Game viewing in Uganda’s savannah parks is best at the end of the dry seasons – February and March and September/early October – when wildlife is concentrated around water sources.

Bird watching is fantastic all year round but is at its peak between November and April when migrant species are present. Even when considered the rainy season, April and May are great times to include birding on one of our Uganda gorilla trekking tours. The views are stunning, and it rains mainly in the afternoon for 1 hr and not tempering with activities.


A common question among travelers before considering gorilla safari is whether to trek gorillas in Uganda or Rwanda. Both countries offer excellent trekking experiences, but since we offer custom Uganda gorilla trekking tours, our consultants will usually give you all the pros and cons for either country and let you weigh what works for you.

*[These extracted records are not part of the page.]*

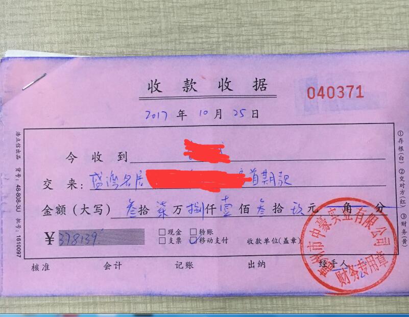 網(wǎng)友提供的收款收據(jù)
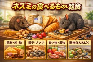 ネズミの食べるものは雑食で、家の中では米・粉もの・ペットフード・生ゴミなどが特に狙われやすいです。種類で傾向はありますが、最優先すべきは餌を断つことです。
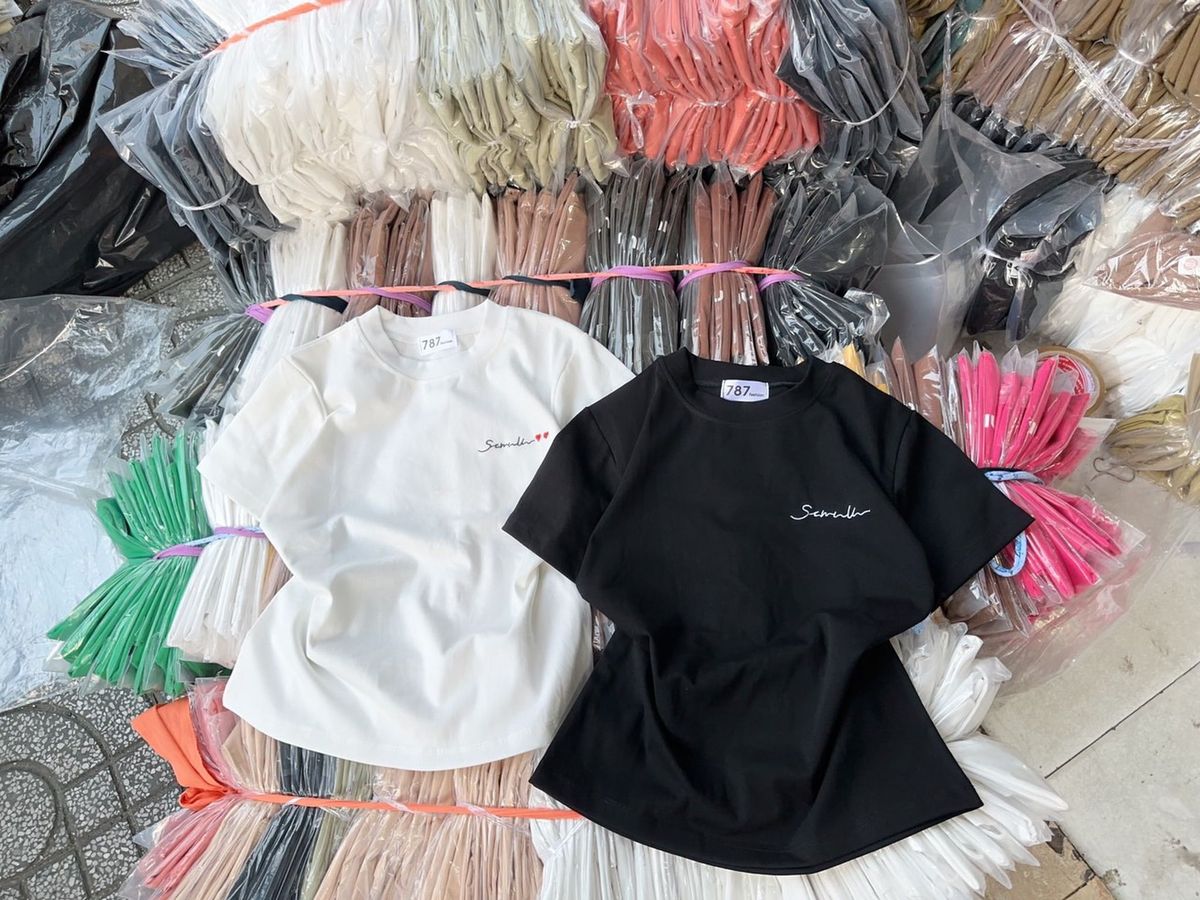 Áo thun ôm cổ tròn tay ngắn chữ thêuÔM BODYÁo phông form ôm nổi bật đường cong quyến rũ
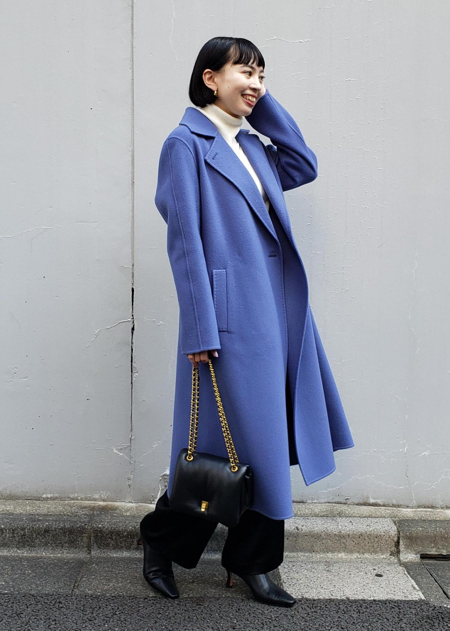 カラーが深みのあるブルーですが、生地が柔らかいのでかっこよくなり過ぎずにキレイめにお召しいただけます。
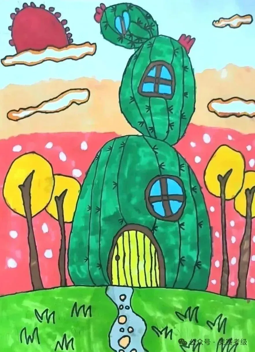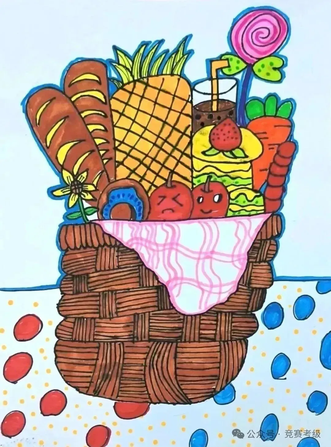 4 级:能运用绘画语言表现画面,构图基本合理,画面基本完整,有内容,具有一定的想象力;色彩基本协调。
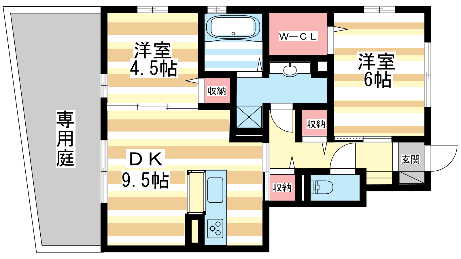 - DK9.5帖、洋室6帖、洋室4.5帖
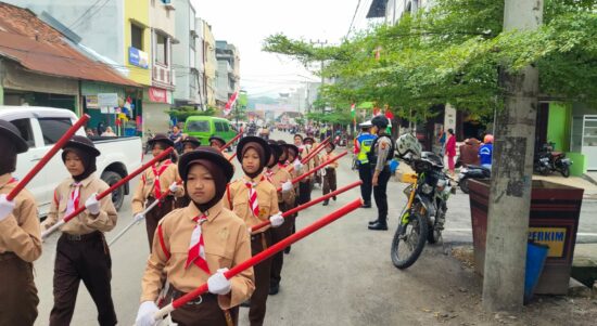Amankan Gerak Jalan Pramuka, Polres OKU Selatan Libatkan Puluhan Anggota
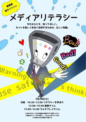 3月28日(火)に、奈良県警察署から講師の方をお招きしてメディアリテラシーについてのお話を聞き、安全な使い方について考えるイベントを実施します。
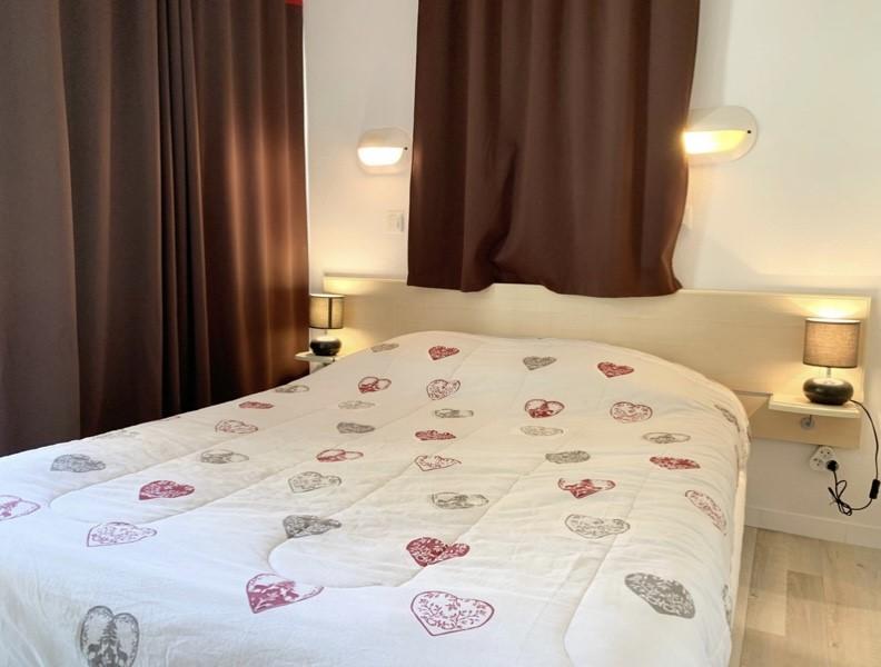 - Une chambre avec un lit double 140x190, un placard, un balcon d’angle.
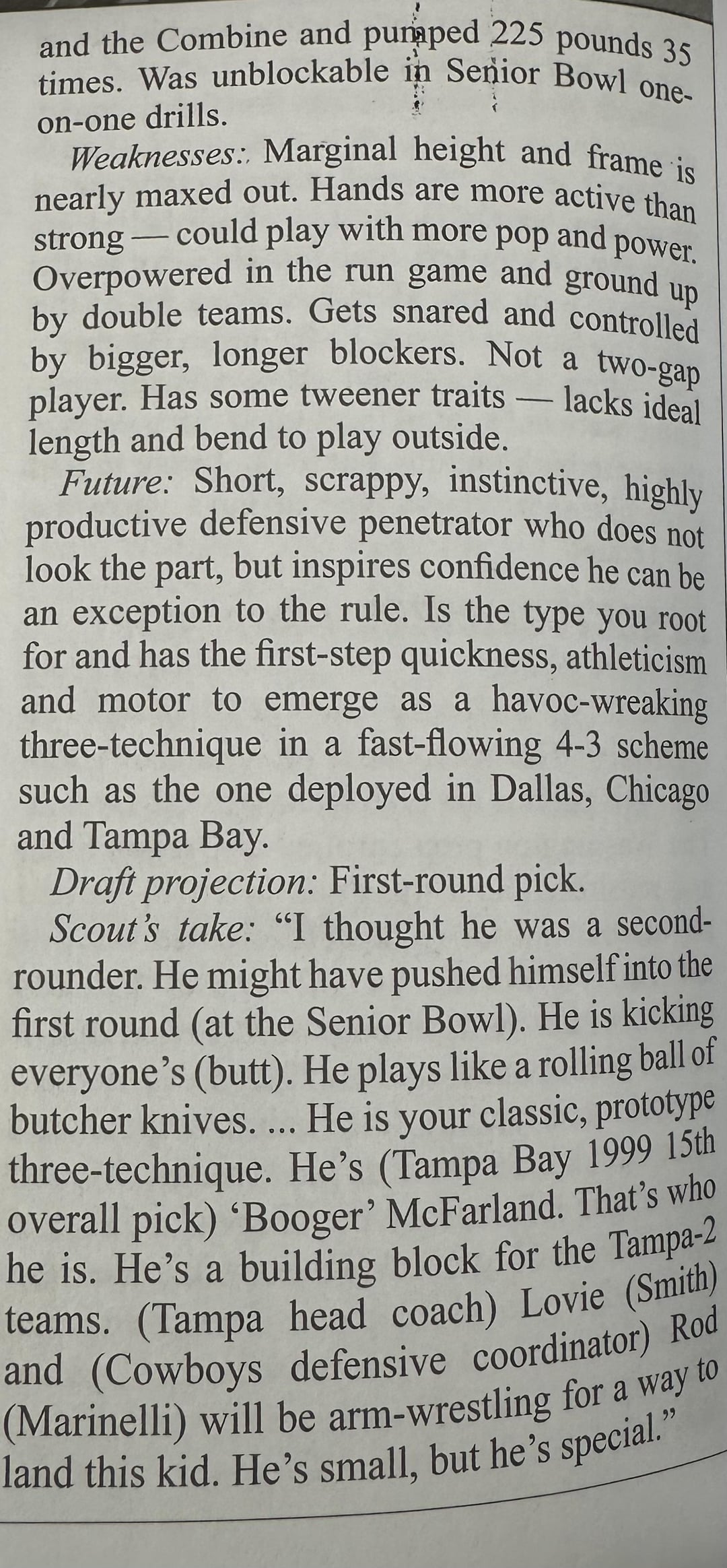 1. >>He’s (Tampa Bay 1999 15th overall pick) ‘Booger’ McFarland. That’s who he is.

But your choice comes down to a few options including, the terrain for physical fitness, driving distance from the airport, accommodation choices, permit pricing, and entry restrictions. Otherwise, the gorilla-watching experience is the same in both countries, and the chance of seeing the gorillas is the same.

Rwanda offers more upmarket travel options for gorilla safari accommodation.

The gorilla permit price in Rwanda is more than doubles that of Uganda at $1,500 per person.

With transfers, it’s a shorter distance from Kigali International airport to Volcanoes National Park, where tourists trek gorillas, about a 3-hour drive. It’s about a 10-hours drive through Uganda’s pristine southwestern highlands to make it to the gorillas. One can take a small flight from Entebbe to a small airstrip 3 hours outside the park, though!

On the other hand, Uganda offers a raw and challenging experience with more options to combine trekking with savannah game drives. Uganda also offers relatively more accommodation options for all markets, cheaper safari packages, more trekking trailheads, and more gorilla families habituated for tourism. There are more gorilla permits in Uganda than in Rwanda.